Demian, this conversation has been interesting, but yes, we probably need to wrap it up pretty soon.
By currently adaptive I mean that something is useful in the current environment. Natural selection goes on at all times, but something may have been selected for in the past and be no longer adaptive today. I submit xenophobia as an example.
The universe has no perspective, so yes, everything comes from a social standpoint. But social standpoints are constrained by the way the universe works, which means that some standpoints are better (in terms of human flourishing) than others.
Truth has obvious survival value. If you think vaccines don’t work and refuse to take them, you are more likely to die in the next epidemic. Even in terms of sexual attraction it is an established principle in evolutionary biology that it’s really difficult to cheat, because your potential mates are equipped with lying-detecting mechanisms.
Social consensus is the result of the sum of individual thinking, so the two are not as sharply distinct as one may assume. Sure, for a lot of things it’s convenient to just go with the social consensus. But as I said, sometimes that’s going to be lethal.
Ethics is how human beings solve the problem of living together in a way that allows everyone to flourish.
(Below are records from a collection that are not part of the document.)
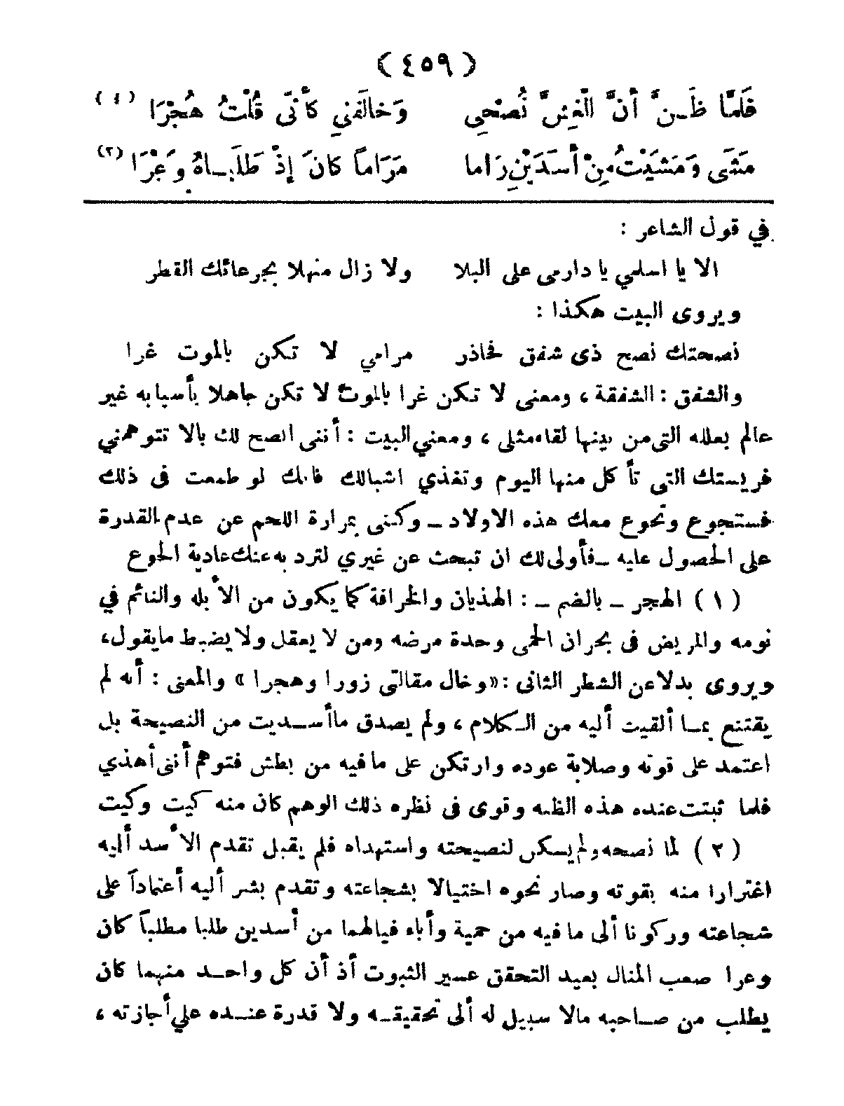 مَشَى وَمَشَيْتُ مِنْ أَسَدَيْنَ رَاما ... مَرَاماً كانَ إِذْ طَلَباهُ وَعْرَا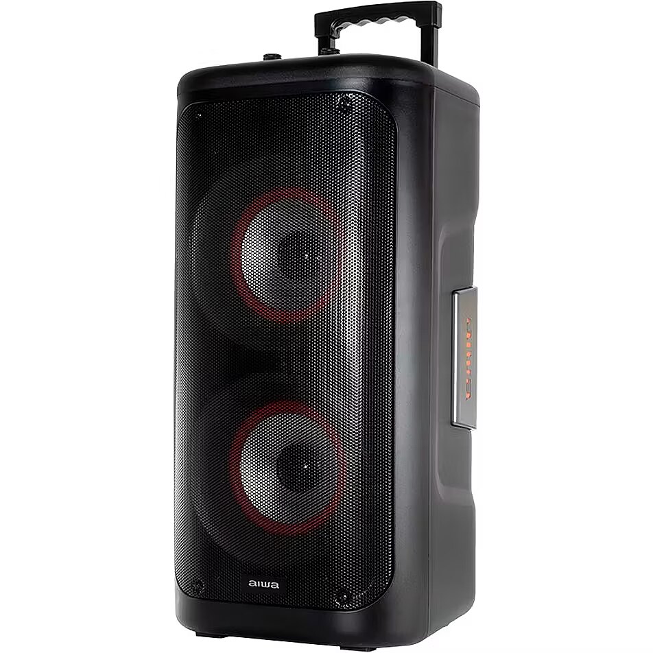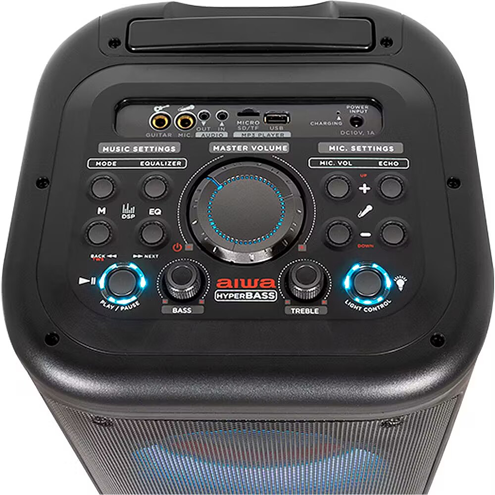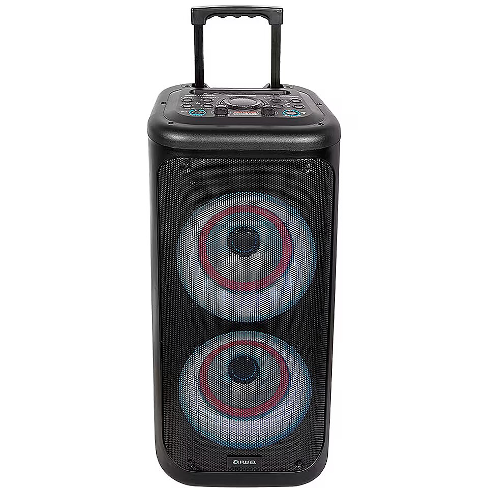 Description - Głośnik Power Audio AIWA KBTUS-450 Wyjście audio o dużej mocy: 40 W RMS / 350 W P.M.P.O. Podwójne 6,5-calowe przetworniki HyperBass zapewniające potężną akustykę. Głośnik wysokotonowy ze stopu metalu do odtwarzania dźwięku o wysokiej częstotliwości. Pasmo przenoszenia: 90 Hz - 20 kHz, sygnał sygnałowy > 80 dB. Odbiornik audio Bluetooth 5.0 z funkcją TWS. Zasięg bezprzewodowy: 10 m (30 stóp). Port USB i gniazdo Micro-SD (karty TF) do odtwarzania muzyki w formacie MP3. Wejście AUX stereo 3,5 mm do podłączenia urządzeń zewnętrznych. Wyjście AUX 3,5 mmstereo OUTPUT do przesyłania dźwięku do innego urządzenia (np. rejestratora). Wbudowane pozłacane gniazdo wejściowe gitarowe 6,3 mm. Wbudowane pozłacane gniazdo wejściowe mikrofonu 6,3 mm. Niezależna regulacja głośności mikrofonu do miksowania mikrofonu. Cyfrowe ECHO (regulowane) do karaoke z efektem Hall. Niezależne, precyzyjne pokrętła tonów niskich i wysokich. DSP z zaprogramowanym korektorem i radiem FM. 7-kolorowy system oświetlenia LED RGB Party Speaker z możliwością wyboru przez użytkownika. CZERWONE oświetlenie otoczenia (po obu stronach) dla poprawy atmosfery. Wbudowany wysuwany metalowy uchwyt i kółka do wózka ułatwiające przenoszenie. W zestawie bezprzewodowy pilot zdalnego sterowania. W zestawie przewodowy mikrofon dynamiczny.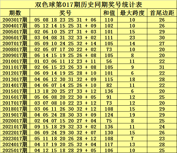 最大跨度推荐:在第017期历史同期开奖中,红球最大跨度全部在6-23之间开出,今年同期适当关注10附近的最大跨度开出。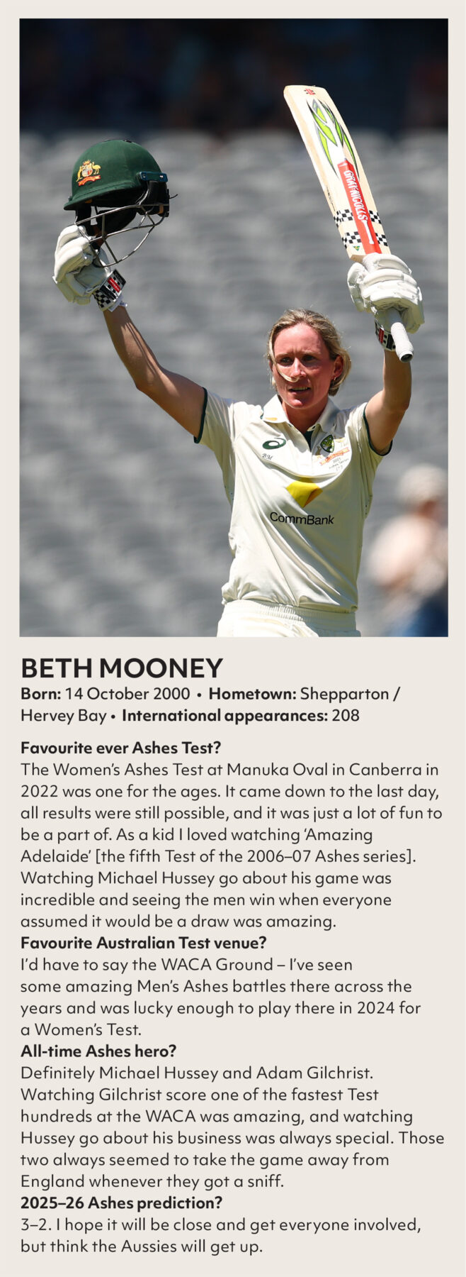 The combination of those three supporter groups alongside regular Test cricket aficionados pretty much guarantees full houses across the traditional Ashes venues. But which group creates the best atmosphere? “I’m gonna say the Barmy Army,” Gillespie says. “I’d love to say the Fanatics, but the Barmy Army are on a different level. Even though I’m an Aussie, I think they’re wonderful for the game of cricket. They make an Ashes summer. Even if they give us Aussies some stick and get stuck into us a bit, they get behind the English cricket team. I think it’s brilliant for the game. It’s part of the tapestry.”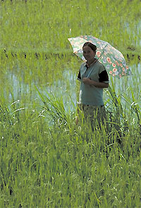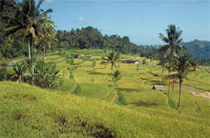 Gerne hätten wir eine Fahrt an der Küstenstraße rund um die Osthalbinsel unternommen. Aber seit dem letzten heftigen Ausbruch des Agung im Jahre 1963 ist sie in sehr schlechtem Zustand, und unser Fahrer bevorzugt die Strecke durchs Inland. Hinter Amed schlängeln wir uns einen Pass hinauf und genießen wundervolle Einblicke in weite Gebirgstäler, auf satt grüne Hügel und mit Reisfeldern überzogene Bergflanken.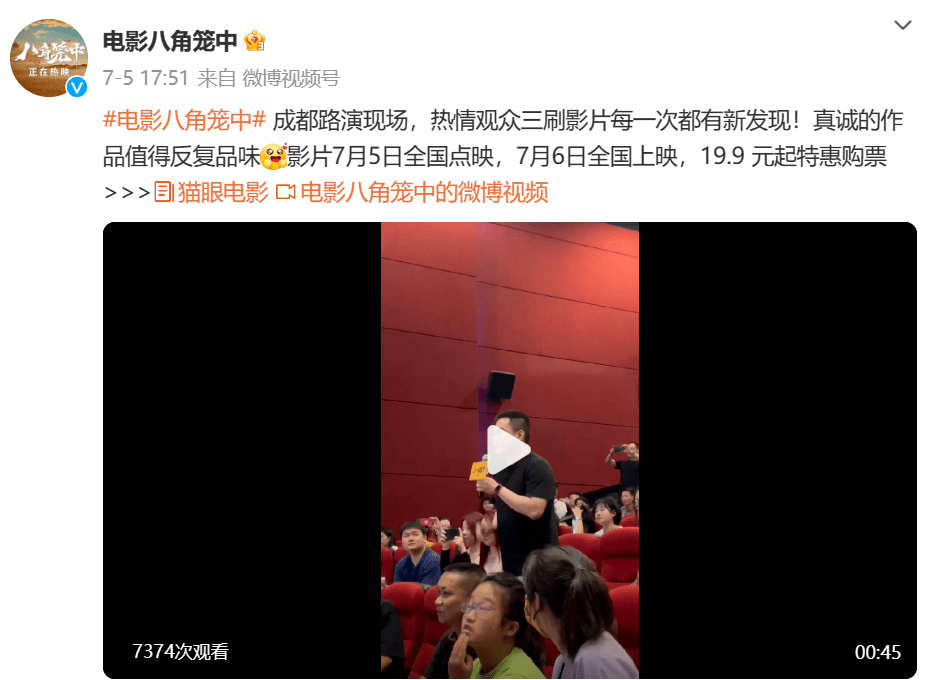 7月5日《八角笼中》点映中,已有观众三刷

Yes, it is “social,” but it is also markedly constrained by objective facts about human nature.
Yes, flat-earthers “thrive,” but only because the rest of us don’t buy their lunacy. if we did, there would be no air travel, for instance, and society would be worse off in general. They are what in evolutionary biology are known as free-loaders. Their existence doesn’t undermine the general concept that truth is preferable to falsehood.
You yourself say that at some point magical thinking reaches a limit and society collapses. Hence the importance of truth.
I don’t see anything irrational in the desire to live, so long as one can live well. But it’s not a matter of “deserving” it. It just happens.
As for the Fermi paradox: nobody really knows.